_Problem to work on_: Return the data exactly, with all pictures removed.

_Data block_:

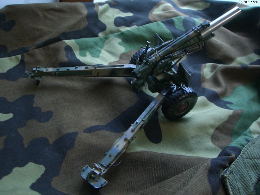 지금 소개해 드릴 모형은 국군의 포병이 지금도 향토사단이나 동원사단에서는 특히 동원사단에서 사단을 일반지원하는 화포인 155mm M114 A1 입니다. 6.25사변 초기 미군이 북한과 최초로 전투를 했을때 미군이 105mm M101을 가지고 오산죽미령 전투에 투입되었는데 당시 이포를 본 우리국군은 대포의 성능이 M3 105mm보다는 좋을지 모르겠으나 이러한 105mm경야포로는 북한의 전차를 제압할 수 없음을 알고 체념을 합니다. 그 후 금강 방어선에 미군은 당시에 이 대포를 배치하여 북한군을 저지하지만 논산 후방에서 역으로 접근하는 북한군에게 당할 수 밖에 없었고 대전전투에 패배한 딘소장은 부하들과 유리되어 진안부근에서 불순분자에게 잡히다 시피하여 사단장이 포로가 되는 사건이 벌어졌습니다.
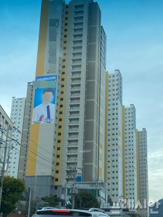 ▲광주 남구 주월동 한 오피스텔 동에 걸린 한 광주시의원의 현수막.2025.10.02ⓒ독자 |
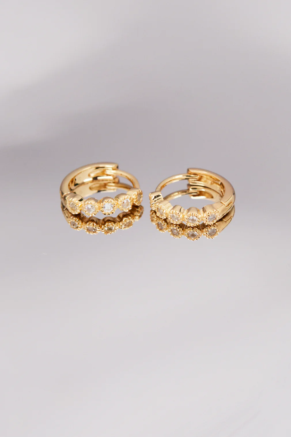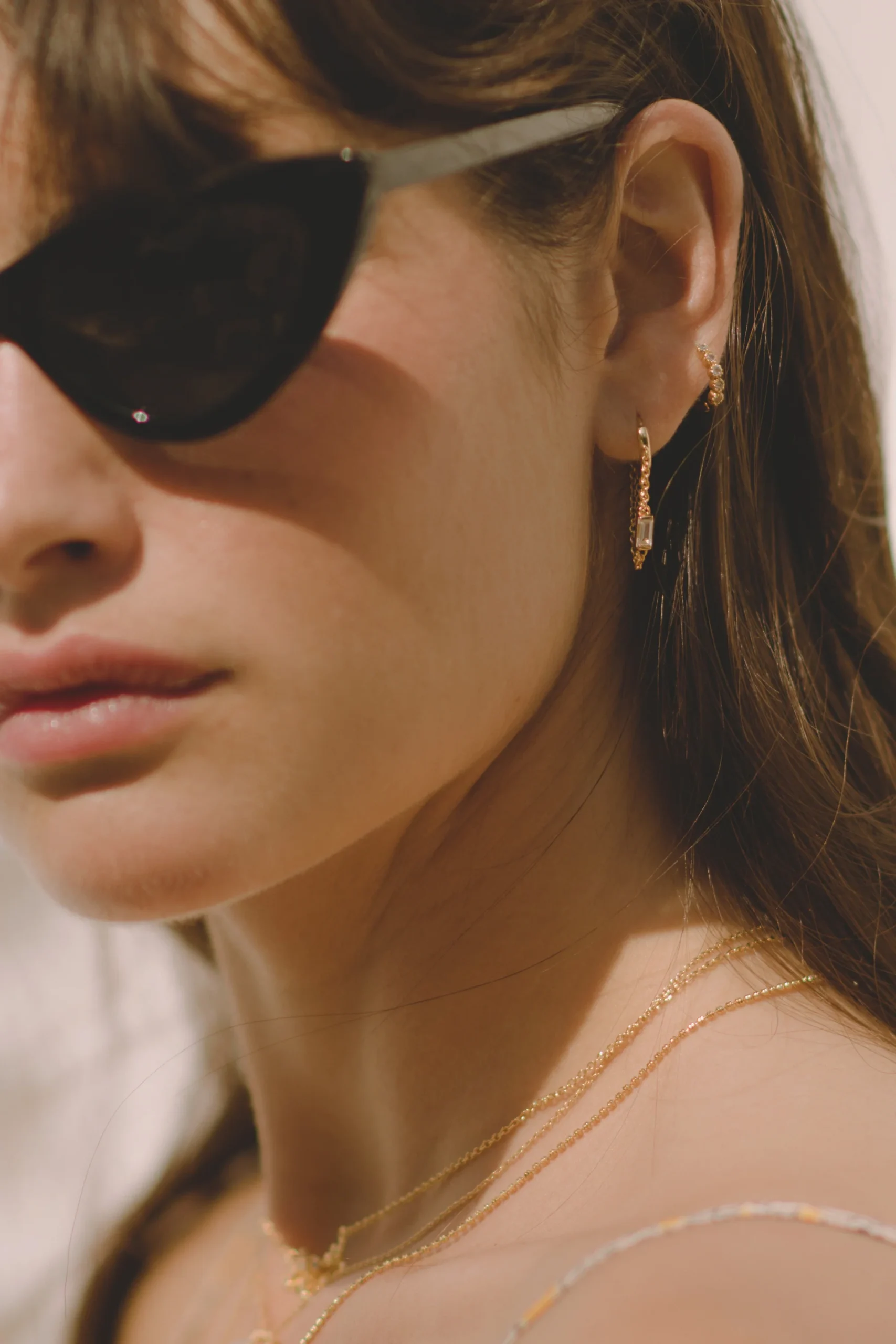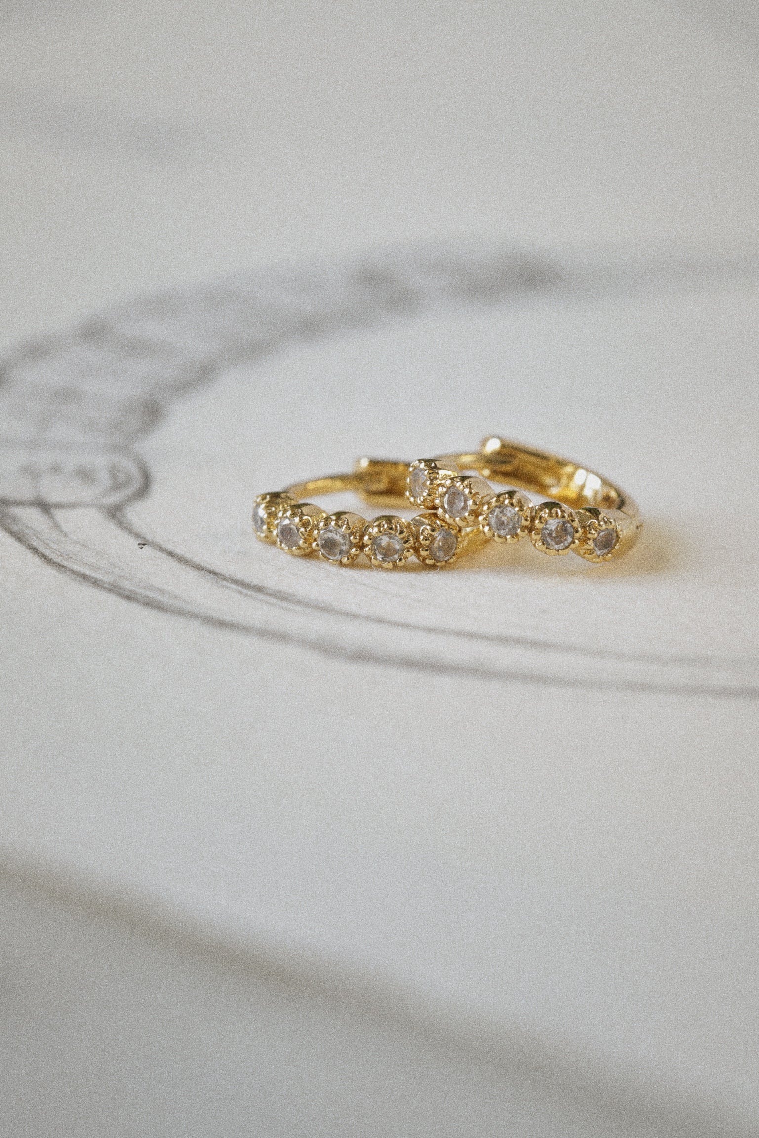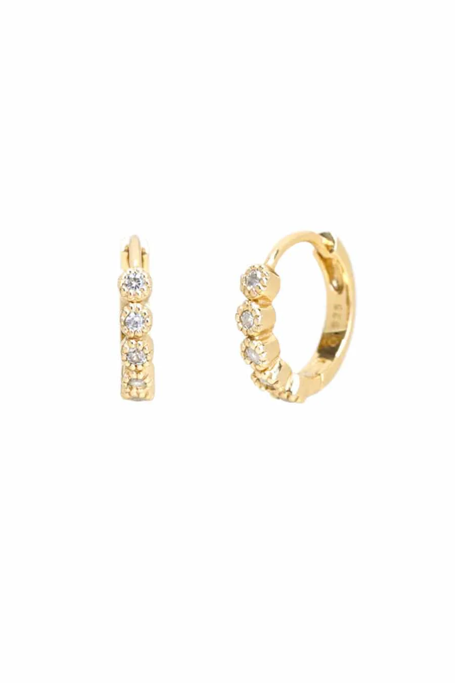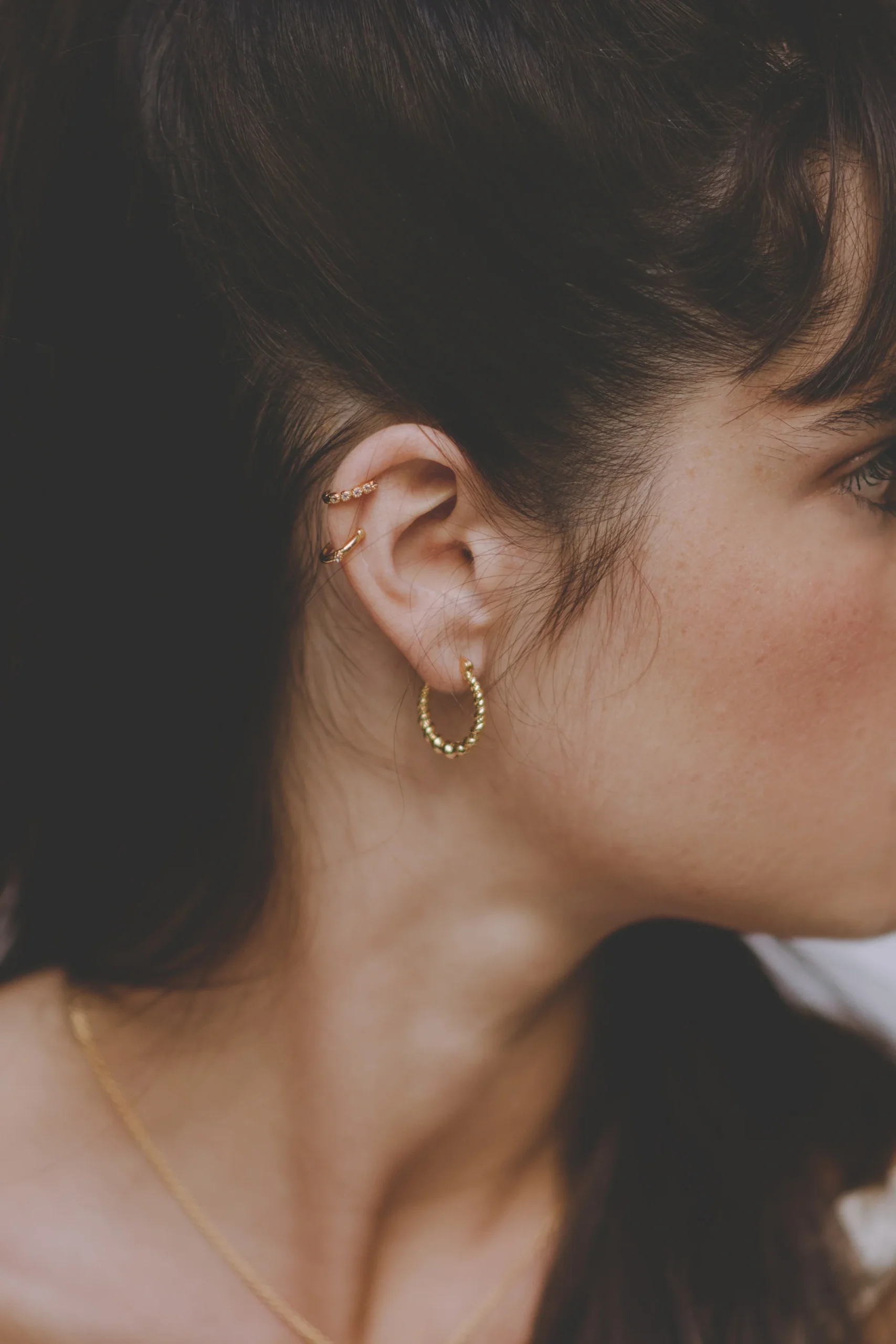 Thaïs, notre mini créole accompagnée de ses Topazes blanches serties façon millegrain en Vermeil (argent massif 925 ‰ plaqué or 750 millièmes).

_Exercise solution_:
 지금 소개해 드릴 모형은 국군의 포병이 지금도 향토사단이나 동원사단에서는 특히 동원사단에서 사단을 일반지원하는 화포인 155mm M114 A1 입니다. 6.25사변 초기 미군이 북한과 최초로 전투를 했을때 미군이 105mm M101을 가지고 오산죽미령 전투에 투입되었는데 당시 이포를 본 우리국군은 대포의 성능이 M3 105mm보다는 좋을지 모르겠으나 이러한 105mm경야포로는 북한의 전차를 제압할 수 없음을 알고 체념을 합니다. 그 후 금강 방어선에 미군은 당시에 이 대포를 배치하여 북한군을 저지하지만 논산 후방에서 역으로 접근하는 북한군에게 당할 수 밖에 없었고 대전전투에 패배한 딘소장은 부하들과 유리되어 진안부근에서 불순분자에게 잡히다 시피하여 사단장이 포로가 되는 사건이 벌어졌습니다.
 ▲광주 남구 주월동 한 오피스텔 동에 걸린 한 광주시의원의 현수막.2025.10.02ⓒ독자 |
 Thaïs, notre mini créole accompagnée de ses Topazes blanches serties façon millegrain en Vermeil (argent massif 925 ‰ plaqué or 750 millièmes).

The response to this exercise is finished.